Ficus laurifolia is an hemi-epiphytic species that sometimes grows as a shrub or liana or as a tree, the species is within the family Moraceae.

== Description ==
The species grows as a shrub, a liana or as a medium to large sized tree that can reach a height of about 25 m, the bark is grey while the slash is reddish to pale brown exuding a creamy white latex; Stem is brownish in color with minute hairs. Its leaves are arranged spirally, with petiole that sometimes reach 9 cm long, stipules are present and are usually glabrous and up to 5 cm in length. The leaf outline is broadly elliptic to ovate, with leaflets that can reach 30 cm long and 20 cm wide with margins that are entire, the base of leaves tends to be cordate to rounded and the apex is acuminate. Figs are usually borne on leafs axils or beneath the leaves, the figs are sessile or shortly pedunculate with receptacles, they tend to be oblong to globular in shape, greenish with white spots, peduncles are 3–5 mm long; basal bracts are commonly paired.
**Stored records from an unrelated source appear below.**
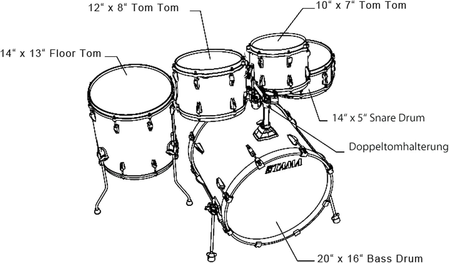 - Drums : Grosse caisse 50,8 x 40 cm, 25,4 x 17,8 + 30,5 x 20,3 cm tom suspendu, 35,5 x 33 cm tom sur pied et 35,5 x 12,7 cm Caisse Claire.
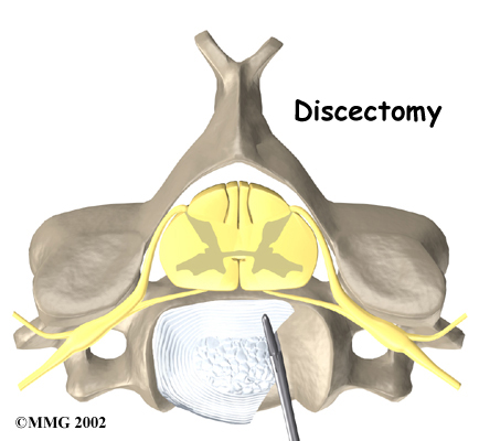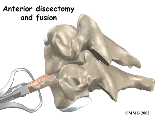 In a discectomy, the surgeon removes the disc where it is pressing against a nerve. Surgeons usually perform this surgery from the front (anterior)of the neck. This procedure is called . In most patients, discectomy is done together with a procedure called cervical fusion, which is described next.
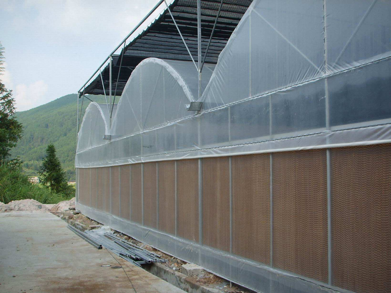 該系統具有降溫效果好、操作簡單等特點,通過濕潤凈化的空氣更有利于室內作物的生長,若配合遮陽系統綜合使用,降溫效果更為顯著??紤]冬季溫室的保溫,應在濕簾墻外側加裝一層保護膜或齒條外翻保護窗。
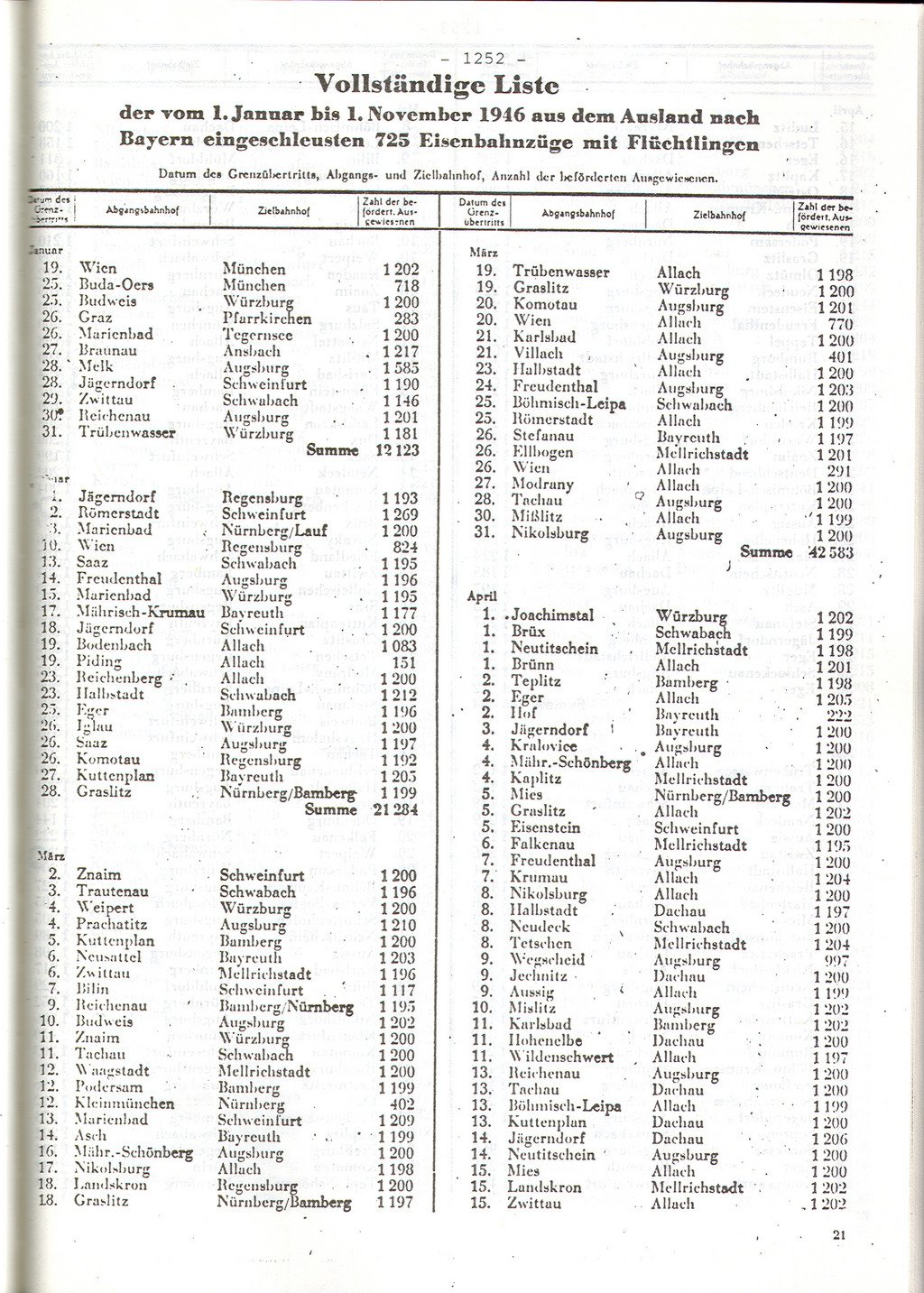 V seznamu je uveden datum překročení hranice, výchozí a cílová železniční stanice transportu a počet transportovaných osob.
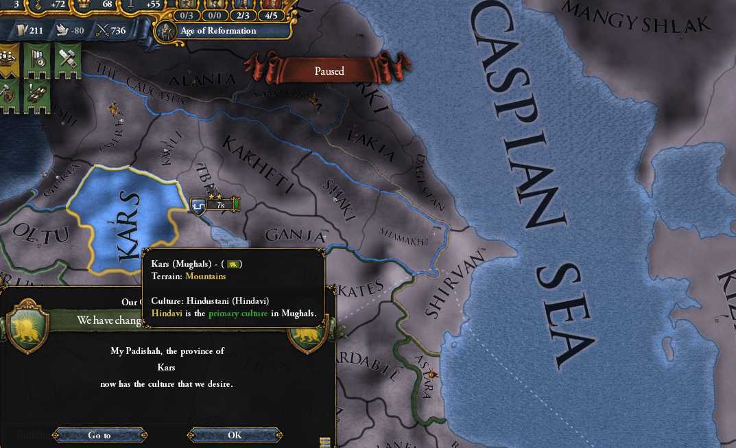 属国 Chagati Kilwa 同盟 Ottomans Malacca Lan_Xang 外交枠超過状態(+1)。気になった点として受容文化枠の表示が4になっている 同化済みの文化はもっと多いが、主要文化のヒンディーを除いたヒンドゥスタングループが4つなのでこれらのことだろうか?

== Distribution and habitat ==
Ficus laurifolia occurs in Tropical Africa, from Guinea-Bissau eastwards to Sudan and southwards to Mozambique. It is found in savannah woodlands, gallery forests and forest edges.

== Uses ==
A stem bark and leaf decoction is used in the treatment of gastro-intestinal infections. The species is also planted as a shade tree.